TikTok’s U.S. Joint Venture and the Legal Workaround Debate
Rather than a full sale or shutdown, TikTok’s path forward in the United States is now centered on a newly formed U.S.-based entity called TikTok USDS Joint Venture LLC. Under this structure, TikTok’s American operations would be housed within a separate domestic company designed to satisfy U.S. regulatory requirements while allowing the platform to continue operating without major disruption.
According to an internal memo from CEO Shou Zi Chew, TikTok USDS Joint Venture LLC has signed formal agreements with three managing investors: Oracle, Silver Lake, and MGX. Oracle is expected to play a central role in data storage and security, while Silver Lake and MGX provide financial backing and governance participation. Together, the structure is meant to demonstrate U.S. oversight, domestic control, and compliance with national security concerns.
Critics argue, however, that this joint venture effectively bypasses the spirit of earlier U.S. mandates aimed at limiting Chinese influence over TikTok. While the entity may meet the technical requirements of U.S. law, skeptics warn that key elements, such as recommendation algorithms, intellectual property, and strategic decision-making, could remain indirectly tied to TikTok’s China-based parent company. From this perspective, the arrangement functions less as a true divestment and more as a legal workaround that preserves TikTok’s U.S. business.
Supporters counter that the joint venture strikes a pragmatic balance, protecting millions of users, creators, and advertisers while introducing enforceable safeguards around data access and governance. The debate underscores a broader challenge for regulators: as AI-driven platforms grow more complex, ownership structures can be reshaped faster than laws can adapt. TikTok’s U.S. joint venture may ultimately serve as a precedent for how foreign AI platforms navigate regulation without fully relinquishing control.
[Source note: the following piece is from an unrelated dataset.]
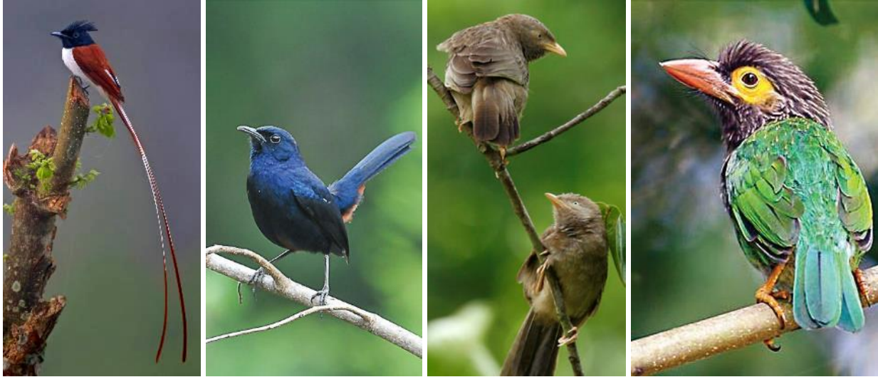
Photo - Paradise Flycatcher / Indian Black Robin / Yellow billed Babbler / Brown headed Barbet

House Passes Permit Reform Bill to Accelerate AI Infrastructure
The U.S. House of Representatives has approved the SPEED Act, a permitting reform bill designed to accelerate approval timelines for infrastructure critical to artificial intelligence, including data centers, semiconductor facilities, and energy projects. Supporters argue that faster permitting is essential to meet surging AI-related power demand and to maintain U.S. competitiveness as global investment in AI infrastructure accelerates.
The bill has gained backing from major technology companies such as OpenAI, Micron, and Microsoft, which have all emphasized that regulatory delays are becoming a bottleneck for large-scale AI deployment. While the House has moved forward, the Senate remains in the early stages of its own permitting discussions, leaving the final scope and timing of reform uncertain.
As AI models require enormous computing and energy resources, infrastructure constraints are increasingly shaping the pace of innovation. The SPEED Act signals growing recognition in Washington that leadership in AI depends not only on software breakthroughs, but also on energy availability, construction speed, and long-term infrastructure planning.
Looking Ahead
This week’s developments show AI expanding simultaneously across finance, media, commerce, infrastructure, and geopolitics. From record-breaking valuations to autonomous agents and regulatory reform, the technology is moving deeper into the core of the economy. As AI systems grow more capable and more embedded in daily life, the balance between innovation, oversight, and scale will define the next phase of the industry.